* **Data**
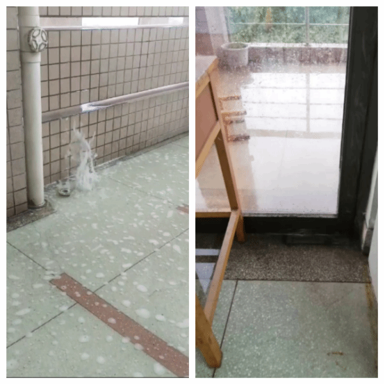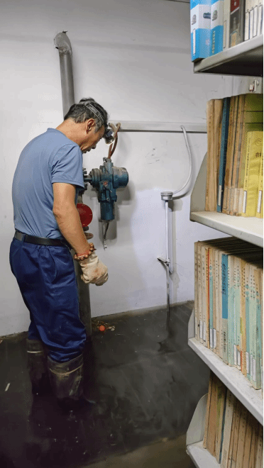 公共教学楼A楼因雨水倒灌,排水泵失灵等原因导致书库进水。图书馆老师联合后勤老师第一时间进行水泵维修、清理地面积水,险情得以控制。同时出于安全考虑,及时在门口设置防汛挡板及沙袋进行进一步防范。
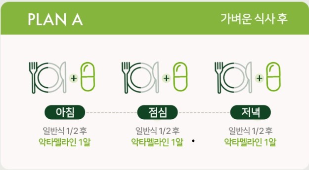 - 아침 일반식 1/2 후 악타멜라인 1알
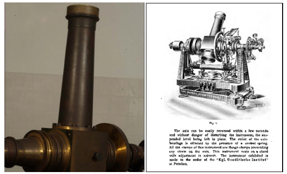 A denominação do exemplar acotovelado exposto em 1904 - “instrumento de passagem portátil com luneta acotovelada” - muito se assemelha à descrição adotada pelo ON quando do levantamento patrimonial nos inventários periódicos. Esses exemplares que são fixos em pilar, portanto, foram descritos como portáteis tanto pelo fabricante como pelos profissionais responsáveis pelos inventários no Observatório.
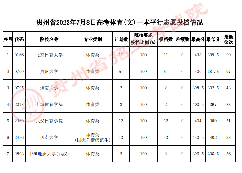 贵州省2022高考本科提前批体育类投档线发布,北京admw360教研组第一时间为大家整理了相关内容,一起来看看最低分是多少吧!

--

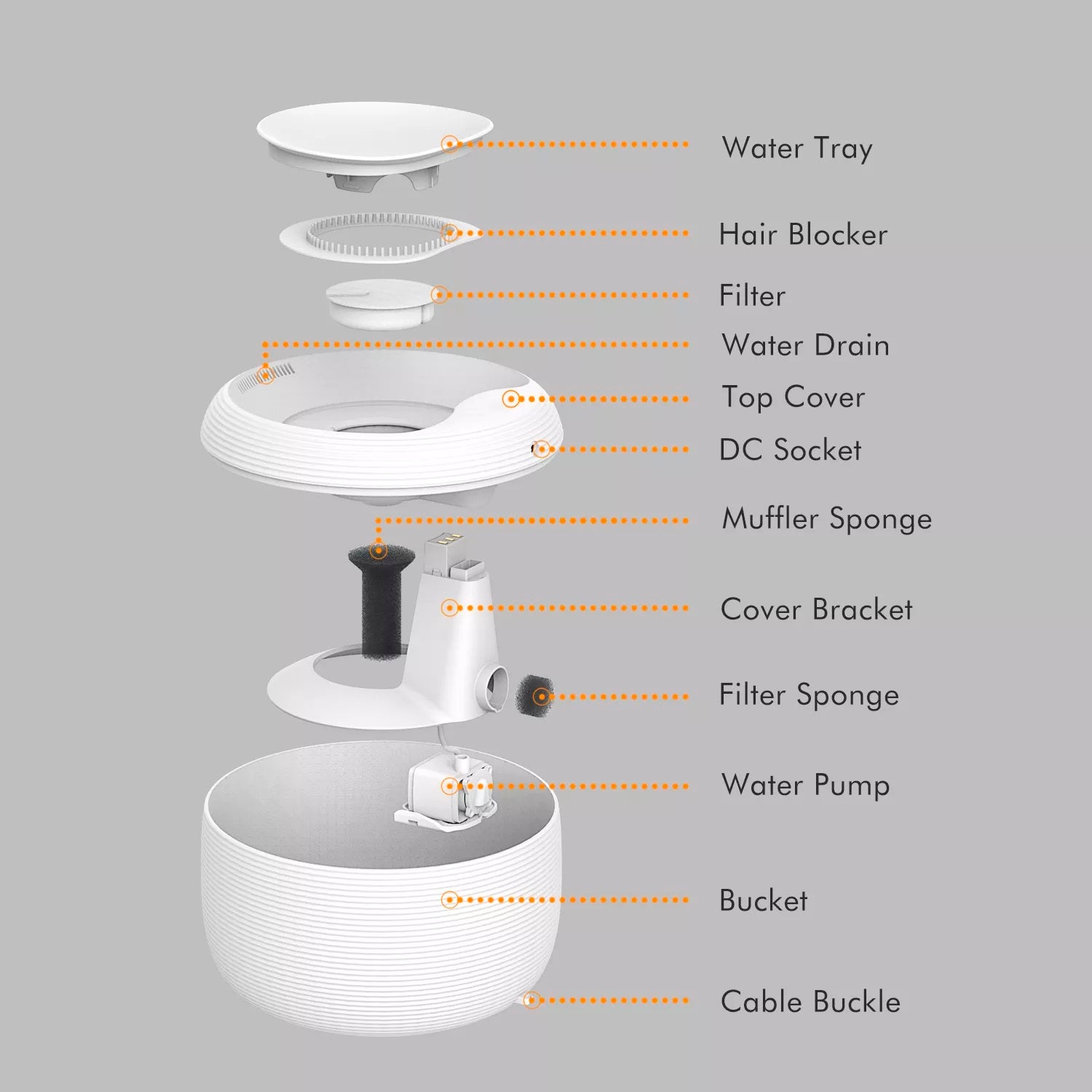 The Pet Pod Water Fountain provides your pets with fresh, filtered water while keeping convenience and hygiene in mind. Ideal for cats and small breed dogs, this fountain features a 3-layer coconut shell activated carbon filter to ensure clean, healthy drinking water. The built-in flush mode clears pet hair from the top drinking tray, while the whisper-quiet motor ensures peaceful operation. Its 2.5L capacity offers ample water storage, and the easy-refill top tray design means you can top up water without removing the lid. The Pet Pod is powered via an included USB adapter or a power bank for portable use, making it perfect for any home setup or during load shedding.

* **Assigned task**
Give again, exactly as written above, each line from the one that has "公共教学楼A楼因雨水倒灌,排" to the one that has "贵州省2022高考本科提前批", both included; omit the pictures.

* **Finished exercise**
 公共教学楼A楼因雨水倒灌,排水泵失灵等原因导致书库进水。图书馆老师联合后勤老师第一时间进行水泵维修、清理地面积水,险情得以控制。同时出于安全考虑,及时在门口设置防汛挡板及沙袋进行进一步防范。
 - 아침 일반식 1/2 후 악타멜라인 1알
 A denominação do exemplar acotovelado exposto em 1904 - “instrumento de passagem portátil com luneta acotovelada” - muito se assemelha à descrição adotada pelo ON quando do levantamento patrimonial nos inventários periódicos. Esses exemplares que são fixos em pilar, portanto, foram descritos como portáteis tanto pelo fabricante como pelos profissionais responsáveis pelos inventários no Observatório.
 贵州省2022高考本科提前批体育类投档线发布,北京admw360教研组第一时间为大家整理了相关内容,一起来看看最低分是多少吧!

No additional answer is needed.